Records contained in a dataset
++++++++++++++++++++

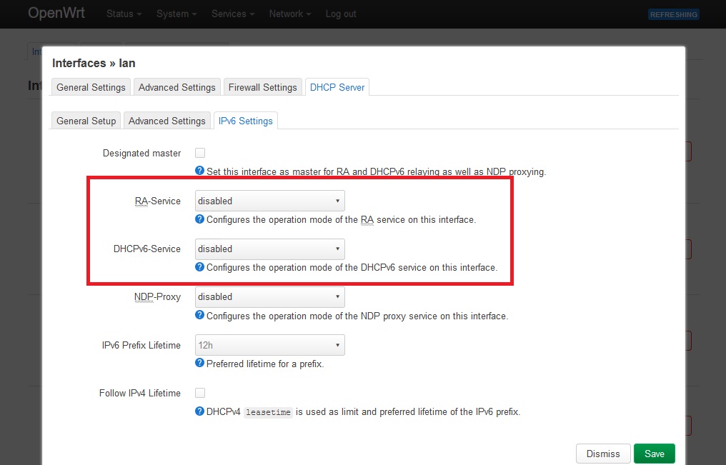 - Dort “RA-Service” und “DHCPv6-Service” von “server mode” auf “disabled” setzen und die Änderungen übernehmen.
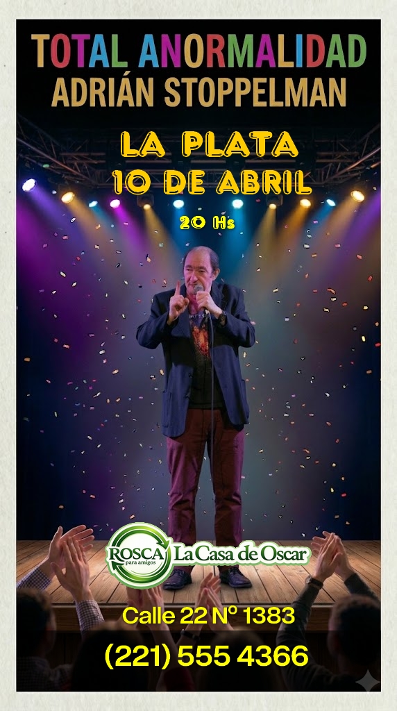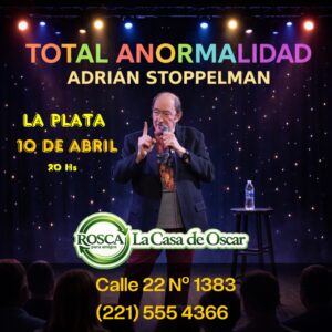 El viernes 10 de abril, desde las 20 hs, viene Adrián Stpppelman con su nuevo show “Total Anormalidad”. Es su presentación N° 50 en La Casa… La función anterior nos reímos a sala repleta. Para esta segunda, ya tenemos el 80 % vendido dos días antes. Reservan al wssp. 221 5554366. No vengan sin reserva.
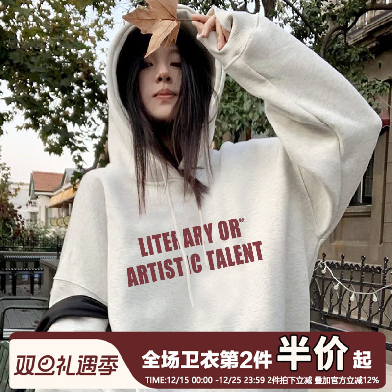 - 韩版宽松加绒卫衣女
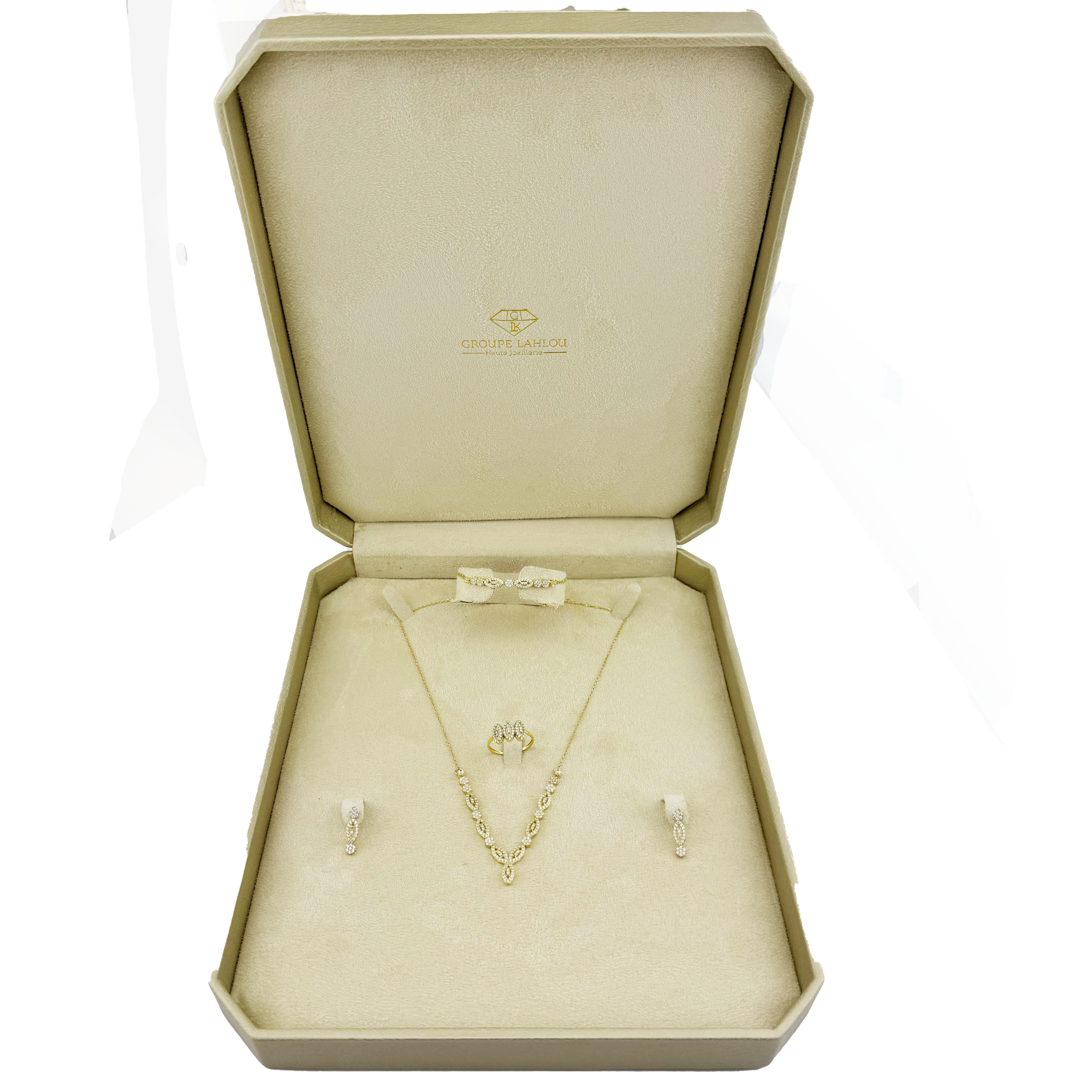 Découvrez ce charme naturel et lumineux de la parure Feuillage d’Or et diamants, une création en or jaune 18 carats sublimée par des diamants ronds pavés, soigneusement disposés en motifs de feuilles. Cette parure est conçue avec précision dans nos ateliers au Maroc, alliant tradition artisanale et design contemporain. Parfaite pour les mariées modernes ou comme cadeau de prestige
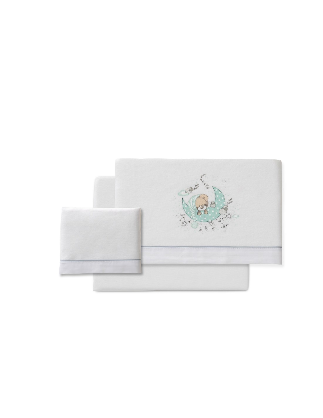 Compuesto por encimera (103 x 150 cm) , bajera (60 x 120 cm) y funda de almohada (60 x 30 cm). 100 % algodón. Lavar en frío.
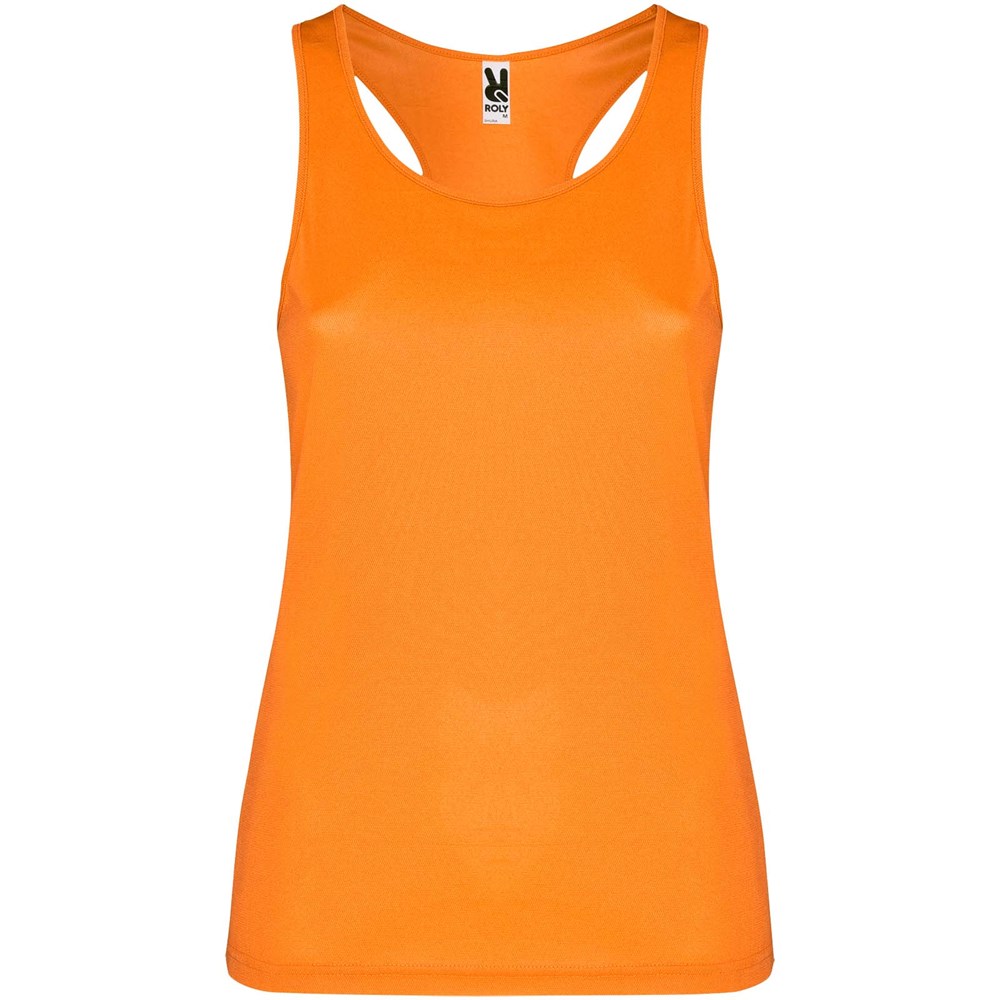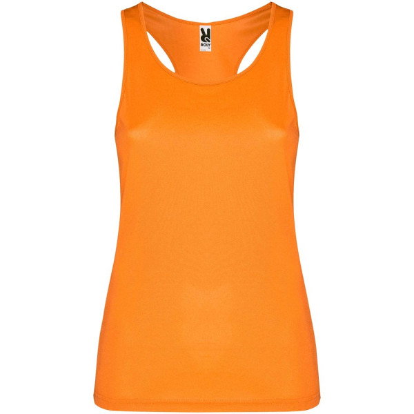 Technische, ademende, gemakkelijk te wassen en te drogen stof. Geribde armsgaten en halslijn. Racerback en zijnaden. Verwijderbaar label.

++++++++++++++++++++

(What to produce)
Wherever a picture appears, omit it; copy the rest of the data exactly.

(Final answer)
 - Dort “RA-Service” und “DHCPv6-Service” von “server mode” auf “disabled” setzen und die Änderungen übernehmen.
 El viernes 10 de abril, desde las 20 hs, viene Adrián Stpppelman con su nuevo show “Total Anormalidad”. Es su presentación N° 50 en La Casa… La función anterior nos reímos a sala repleta. Para esta segunda, ya tenemos el 80 % vendido dos días antes. Reservan al wssp. 221 5554366. No vengan sin reserva.
 - 韩版宽松加绒卫衣女
 Découvrez ce charme naturel et lumineux de la parure Feuillage d’Or et diamants, une création en or jaune 18 carats sublimée par des diamants ronds pavés, soigneusement disposés en motifs de feuilles. Cette parure est conçue avec précision dans nos ateliers au Maroc, alliant tradition artisanale et design contemporain. Parfaite pour les mariées modernes ou comme cadeau de prestige
 Compuesto por encimera (103 x 150 cm) , bajera (60 x 120 cm) y funda de almohada (60 x 30 cm). 100 % algodón. Lavar en frío.
 Technische, ademende, gemakkelijk te wassen en te drogen stof. Geribde armsgaten en halslijn. Racerback en zijnaden. Verwijderbaar label.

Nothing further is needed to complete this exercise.